SSH Timing: Markov Model • In the context of this research, the “state” of the Markov model is the keypair that was entered. • So Markov rephrased in context: the probability that keypair qnext is going to be entered is based solely on the fact that keypair q was entered. • Keypresses that occurred up to keypair q will not influence the probability that keypair qnext will be entered.
SSH Timing: Hidden Markov Model • Investigators cannot see the keypairs: this is SSH. • All the investigators can measure is keystroke latency (which is indirectly measured by packet deltas). • Hidden Markov is where the state (keystroke pair) cannot be measured directly. • A property of the state (keystroke latency) is observed instead , by which you can probabilistically determine the hidden state (keystroke pair).

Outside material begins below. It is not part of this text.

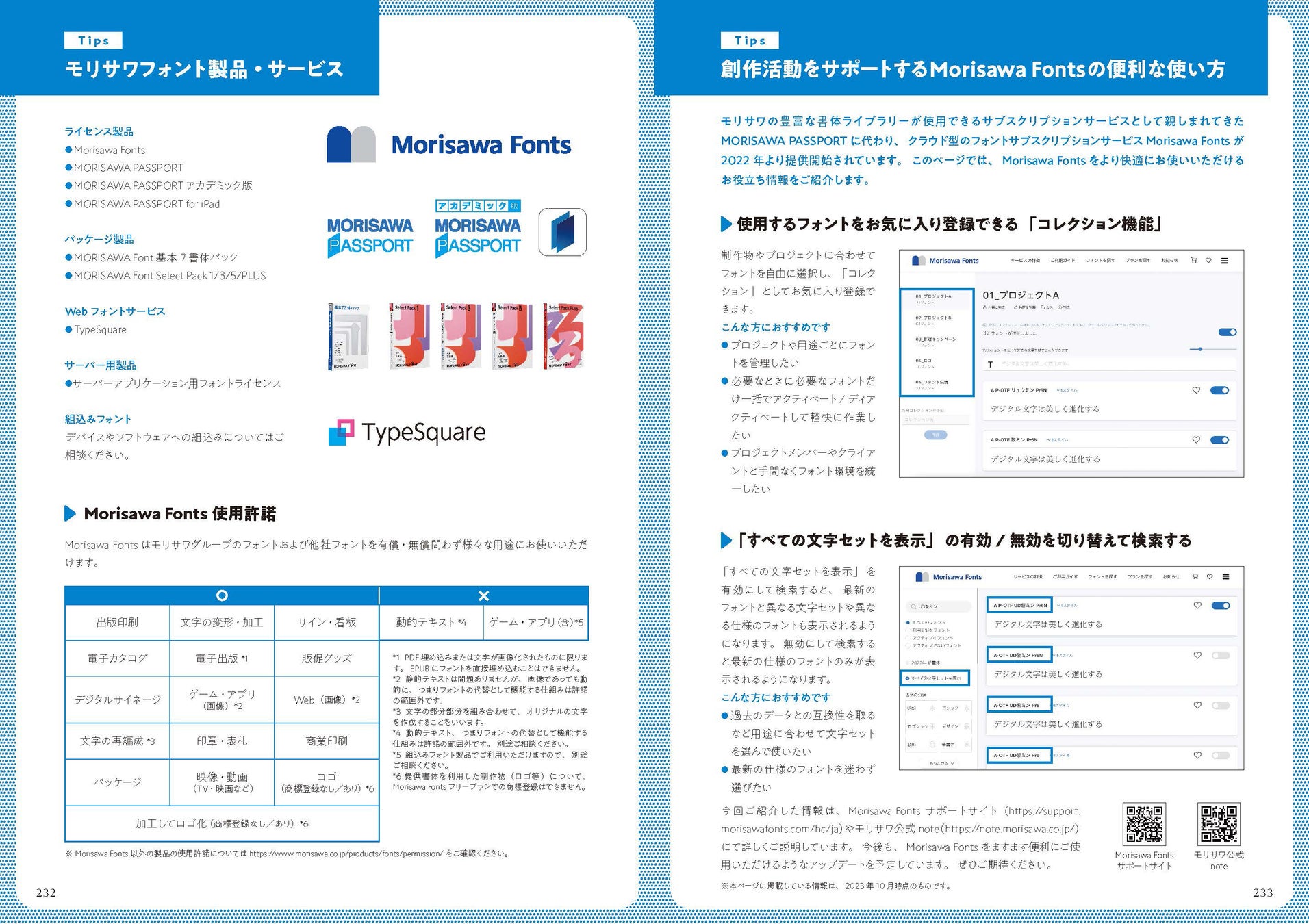 株式会社マイナビ出版「表現・特徴で見つけるフォントBOOK モリサワ総合書体見本帳 2023–2024」

SSH Timing: Hidden Markov Model • The Hidden Markov Model makes an assumption: • The probability of transitioning to the next state is only determined by the current state and is not dependant on previous states that have occurred. • In context: • The probability of the latency distribution for the next character pair is only dependant on the current character pair and not based on any previous character sequences.
SSH Timing: Viterbi algorithm • Authors decide to use the Viterbi algorithm to analyze the keystroke latency data. • The Viterbi algorithm is regularly used to analyze HMM problems. • Is more efficient than calculating the probability for every keystroke pair. • Given a latency y, list in order of decreasing probability the character pair q that is responsible for producing the observed latency.

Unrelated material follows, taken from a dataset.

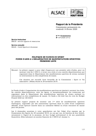 Le présent rapport a pour objet d’approuver une première série d’aides, pour un montant total de 3 850 €, à verser aux clubs et aux comités départementaux qui organisent dans le Département des manifestations sportives de niveau national ou international ou des compétitions de masse. Ces dossiers ont recueilli l’avis favorable de la Commission « Sport et Vie associative » (9ème) réunie le 29 novembre 2019.

SSH Timing: n-Viterbi algorithm • Remember the mess? • Based on the fact that digraph latencies have severe overlap, the authors don't think that the Viterbi algorithm will produce the correct keystroke pair. • They modified Viterbi to output the n most likely keystroke pairs: n-Viterbi • Authors hope that the correct keystroke sequence is within the first n possibilities.
SSH Timing: Herbivore • Herbivore is the author's attacking engine. • It sniffs the network for su or login packets and measures packet arrival times. • Packet arrival times are compared to the known digraph latencies obtained during the password keypair HMM training. • The output from Herbivore is a candidate password list. Somewhere on that list is the correct password.
SSH Timing: Herbivore • Attacker must execute an attack using the output from Herbivore. • Dictionary Attack (assuming local access to /etc/shadow) • Brute force (assuming unix host is not configured to lock acct after x failures)
SSH Timing: Herbivore • Authors state that Herbivore reduces the brute force work by a factor of 50. • Herbivore gleaned 0.8 bits of information per character pair vs. a theoretical maximum of 1.2 bits. • Attribute difference to differences in distributions between training data and observed data. • Authors state that one users training data can be used for another users unknown timing data.
SSH Timing: Herbivore • Herbivore's effectiveness
Responses to the paper • Multiple parties responded to the data presented in the paper.
Latency • 4 UVA students, Mike Hogye, Thad Hughes, Josh Sarfaty and Joe Wolf, responded to this paper in Fall 2001. • They raise many issues, the most important of which is the issue of latency, which the paper depends upon.